Reviewed this week:
⭐Hymba: A Hybrid-head Architecture for Small Language Models
When Precision Meets Position: BFloat16 Breaks Down RoPE in Long-Context Training
LLaVA-o1: Let Vision Language Models Reason Step-by-Step
⭐: Papers that I particularly recommend reading.
For Black Friday, I’m offering a 30% discount on the yearly subscription to The Kaitchup:
With this subscription, you get instant access to all the AI notebooks (120+) and all the articles and tutorials (200+).
The same discount also applies to The Salt:
These offers expire on November 30th.
New code repositories (list of all repositories):
⭐Hymba: A Hybrid-head Architecture for Small Language Models
State Space Models (SSMs), like Mamba and Mamba-2, are efficient with constant complexity and optimized hardware performance, so they can easily encode very long sequences but they struggle with memory recall tasks, leading to weaker performance on benchmarks.
Hymba is a new model architecture by NVIDIA that combines attention heads and SSM heads within the same layer. This parallel hybrid-head design allows the model to use the strengths of both attention (high-resolution memory recall) and SSMs (efficient context summarization). This integration increases flexibility and improves handling of different memory and information flow tasks. Hymba also introduces learnable meta tokens, prepended to input sequences, which interact with all tokens, acting as a compressed representation of knowledge and improving recall and general task performance.

This architecture is significantly different from other models combining SSMs and attention heads like Zamba and Jamba which exploit layers of either SSMs or Transformers but don’t combine them within the same layer.
Hymba uses shared KV caches between layers and sliding window attention for most layers to further reduce memory and computational costs.
Evaluations show that Hymba-1.5B surpasses larger models like Llama 3.2 3B on commonsense reasoning tasks with higher accuracy while being faster and requiring significantly smaller cache sizes. Instruction-tuned variants, such as Hymba-1.5B-Instruct, perform well on benchmarks like GSM8K and GPQA, often outperforming much larger models in accuracy and efficiency. Fine-tuning methods, like DoRA (another work by NVIDIA), further highlight Hymba's capability, achieving superior results on tasks like RoleBench compared to larger models like Llama-3.1-8B-Instruct.
When Precision Meets Position: BFloat16 Breaks Down RoPE in Long-Context Training
Rotary Position Embedding (RoPE) has become essential for extending context length, leveraging trigonometric and relative positional encoding to adapt models with minimal training. However, long-context training faces challenges, including high GPU memory requirements, even when using efficient techniques like BFloat16 to reduce memory consumption.

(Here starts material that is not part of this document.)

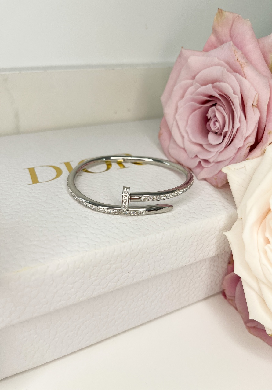 Bransoletka z motywem gwoździa w kolorze srebrnym wykonana jest ze stali chirurgicznej.

A critical issue with BFloat16 is its limited precision, which disrupts RoPE's relative positional encoding in long-context scenarios, especially as window sizes grow. This problem stems from accumulated numerical errors, resolved using Float32 precision. Analysis revealed that inconsistencies in the first token's position ID of the attention window contribute significantly to this breakdown, especially in standard attention mechanisms where tokens attend to all previous ones.
To address these challenges, the AnchorAttention method was introduced by the authors of this paper. It treats the first token as a shared anchor across all documents in a context window. It makes consistent position IDs and reduces numerical errors. By limiting tokens involved in attention computations, AnchorAttention prevents cumulative deviations and enables models to learn effectively from shorter sequences.

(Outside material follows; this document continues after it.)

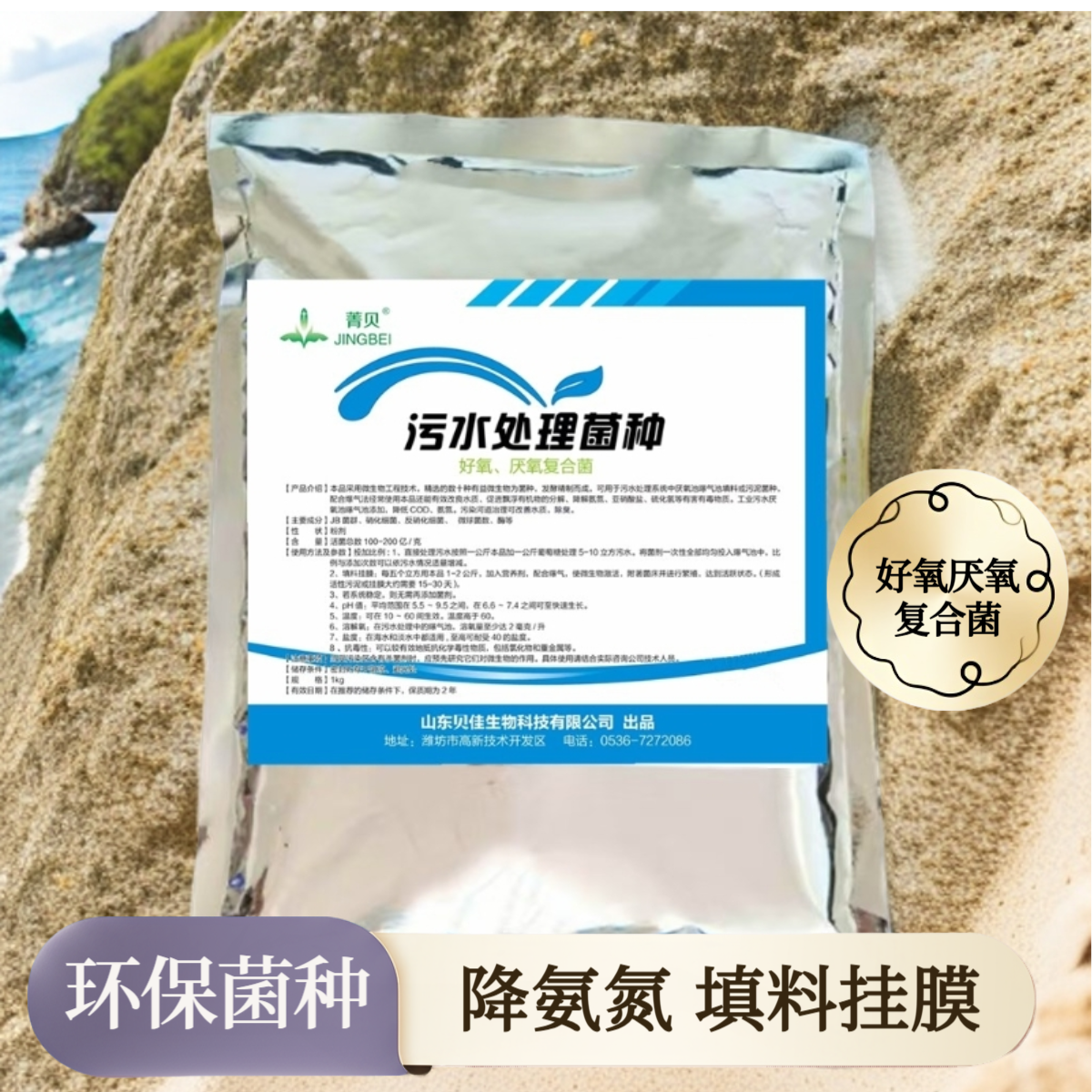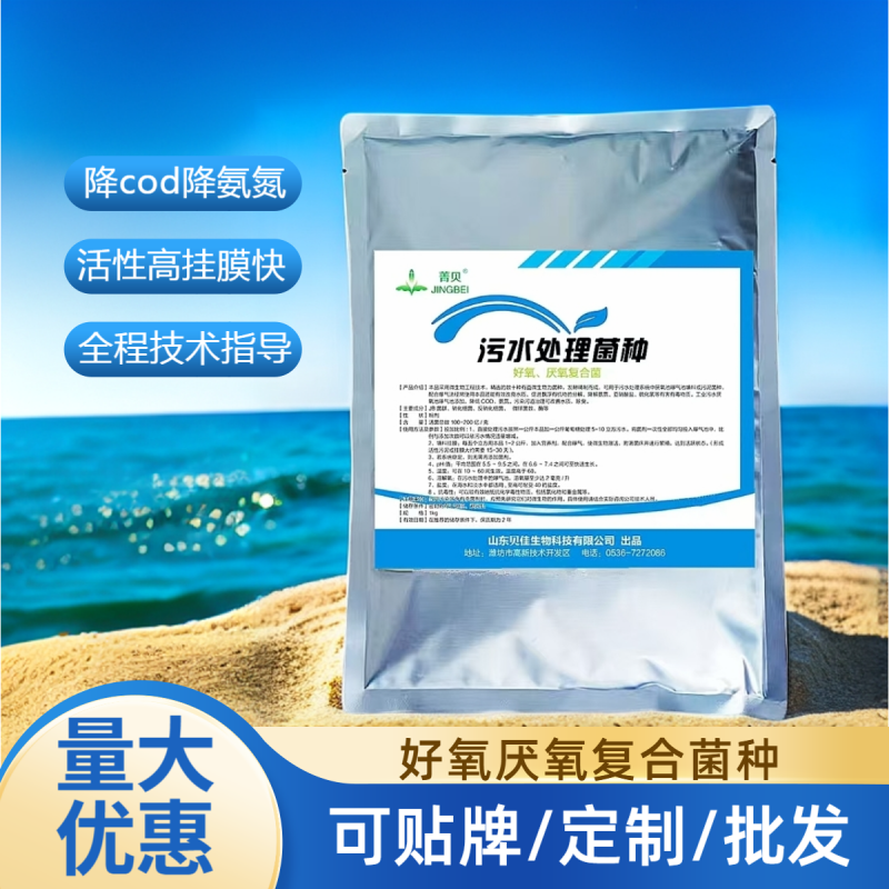 【成 分】JB菌群、硝化细菌、反硝化细菌、微球菌数、酶等【性 状】粉末【适用范围】适用于厌氧池、好氧池填料挂膜(免费提供技术指导),市政生活污水、磷化工废水、养殖废水、造纸废水、垃圾渗滤液、景观湖及河道的治理。使用方法方法一:直接使用:每立方1公斤直接均匀倒入。方法二:1、菌种激活(一公斤菌粉+一公斤红糖+

The authors released their code here:
GitHub: haonan3/AnchorContext
LLaVA-o1: Let Vision Language Models Reason Step-by-Step
VLMs often rely on direct prediction, generating brief answers without structured reasoning. This approach struggles with tasks requiring logical analysis. Incorporating Chain-of-Thought (CoT) reasoning improves step-by-step reasoning but still leads to errors and hallucinations due to unstructured and inconsistent reasoning processes.
LLaVA-o1 introduces a systematic and structured reasoning approach, dividing its responses into four distinct stages: summary, caption (for image-related tasks), reasoning, and conclusion. Each stage is clearly tagged, helping the model maintain clarity and logic throughout the reasoning process. This method organizes problems, processes information systematically, and derives conclusions logically, avoiding premature or flawed reasoning paths.

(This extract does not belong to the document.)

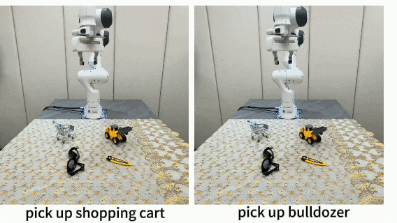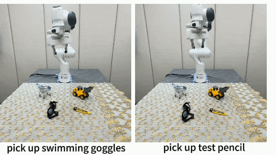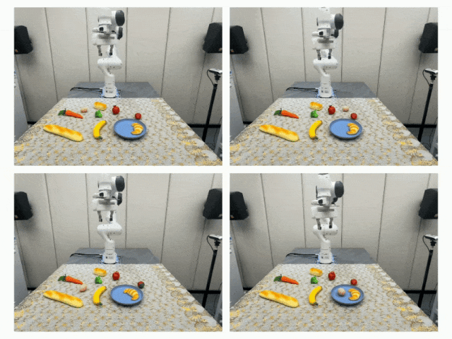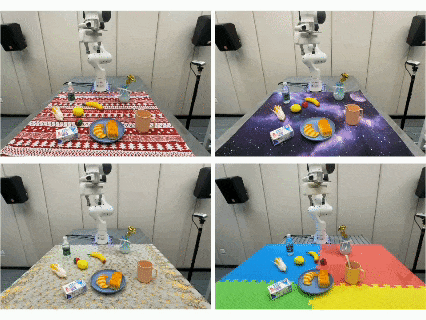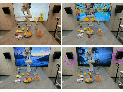 **背景泛化。**實際環境中,機器人工作場景不盡相同,模型需要面對不同材質、不同紋理的桌面和操作枱,甚至動態變化的背景畫面。

The model is trained on a custom LLaVA-o1-100k dataset, generated with supervised fine-tuning using stage-based reasoning. It employs a stage-level beam search for inference, generating multiple candidate outputs at each stage to enhance accuracy and stability.
Experiments on multimodal reasoning benchmarks show LLaVA-o1 is good in complex tasks, outperforming standard CoT prompting and achieving scalable performance improvements with increased computational resources.
Note: The authors renamed it later LLaVA-CoT.